Reshape documents — include/exclude fields, compute new fields.

db.orders.aggregate([
  {
    $project: {
      _id: 1,           // include
      customerName: 1,  // include
      amount: 1,
      status: 0,        // exclude
      profit: { $subtract: ["$amount", "$cost"] }  // computed field
    }
  }
]);

// Result: { _id: X, customerName: "Alice", amount: 100, profit: 25 }
// Note: Use $ prefix to reference field values

$group

Group documents and compute aggregates — like SQL's GROUP BY.

db.orders.aggregate([
  {
    $group: {
      _id: "$status",           // Group by status field
      count: { $sum: 1 },       // Count documents
      totalAmount: { $sum: "$amount" },  // Sum amounts
      avgAmount: { $avg: "$amount" },
      maxAmount: { $max: "$amount" },
      minAmount: { $min: "$amount" }
    }
  }
]);

// Result:
// { _id: "completed", count: 150, totalAmount: 15000, avgAmount: 100, ... }
// { _id: "pending", count: 50, totalAmount: 3000, avgAmount: 60, ... }
// { _id: "cancelled", count: 10, totalAmount: 500, avgAmount: 50, ... }

Common $group accumulators:

Operator Description
$sum Sum of values or count of documents ($sum: 1)
$avg Average of values
$min Minimum value
$max Maximum value
$first First value (usually with $sort)
$last Last value (usually with $sort)
$push Collect values into array
$addToSet Collect unique values into array
$count Count of documents in group

$sort

Sort documents by field(s).

db.orders.aggregate([
  { $match: { status: "completed" } },
  { $sort: { amount: -1 } }  // -1 = descending (high to low)
]);

// For compound sort:
db.orders.aggregate([
  { $sort: { status: 1, amount: -1 } }  // By status ASC, then amount DESC
]);

$limit & $skip

db.orders.aggregate([
  { $match: { status: "completed" } },
  { $sort: { amount: -1 } },
  { $skip: 10 },        // Skip first 10
  { $limit: 5 }         // Return next 5
]);

// For pagination: skip = (page - 1) * pageSize, limit = pageSize

$lookup

Join with another collection — like SQL's JOIN.
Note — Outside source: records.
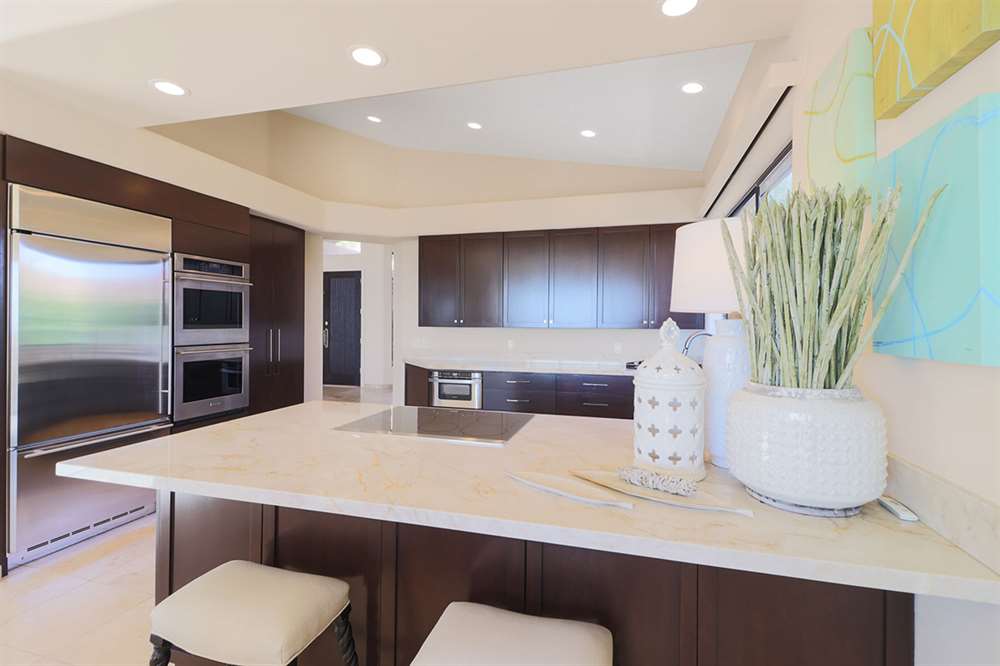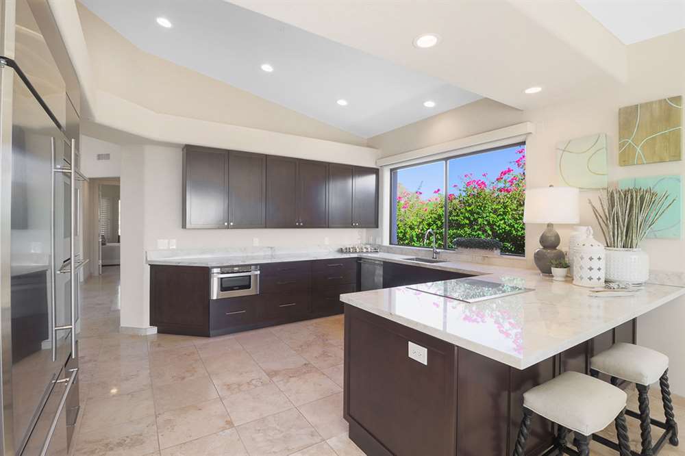 Complete remodel was done in 2015 leaving no detail behind including new kitchen and bathroom cabinetry and countertops, neutral paint, and updated fixtures and finished throughout. The kitchen has modern flat panel dark cabinets with complimentary stone counters, stainless steel appliances, built-in microwave, double ovens, convection stove top, and overlooks the dining room with views over looking the backyard and beyond.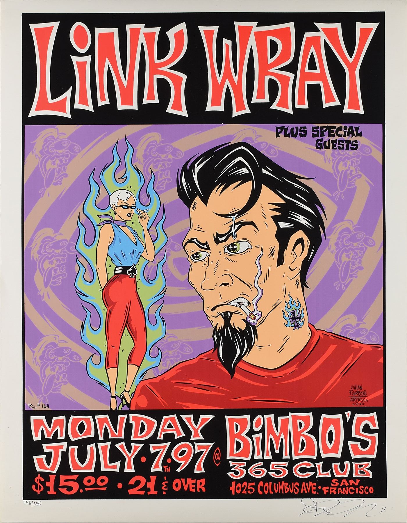 Limited edition color 18 x 23 print for a Link Wray concert at Bimbo's 365 Club in San Francisco on July 7, 1997, featuring vibrant stylized artwork by Alan Forbes, numbered 138/250, signed in the lower border in black felt tip by Forbes. In fine condition.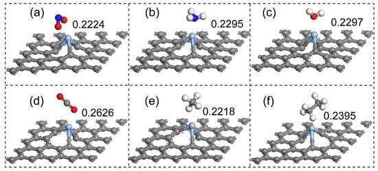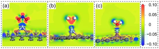 Humidity interference in the sensing process often influences the accuracy of the gas sensors. The cross-response of humidity should be suppressed. Therefore, the adsorption properties of water on Ag–Gr are studied. The adsorption distance of H2O on Ag–Gr is 0.2296 nm, less than Van der Waals radii (O = 0.155 nm, Ag = 0.177 nm). The adsorption energy (−0.930 eV) and Mulliken charge (0.122 e) show that the charge transfers from H2O (donor role) to Ag–Gr. In Figure 2c, after adsorption, the contribution from H2O electronic states to the total DOS of Ag–Gr is localized from −9.0 eV to −3.7 eV in valence bands and from 0.4 eV to 5 eV in conduction bands. Although H2O can interact with Ag–Gr, the interaction could be weakened by some suitable methods, such as heating through a microheater, which is demonstrated as an effective method in our previous work [].

// Orders with customer details (many-to-one)
db.orders.aggregate([
  {
    $lookup: {
      from: "customers",        // Collection to join
      localField: "customerId", // Field in orders
      foreignField: "_id",      // Field in customers
      as: "customer"            // Output array field
    }
  }
]);

// Result: { _id: X, customerId: Y, amount: 100, customer: [{ _id: Y, name: "Alice", ... }] }
// Note: customer is always an array (even if 1 document)

$unwind

Deconstruct arrays — create separate document for each array element.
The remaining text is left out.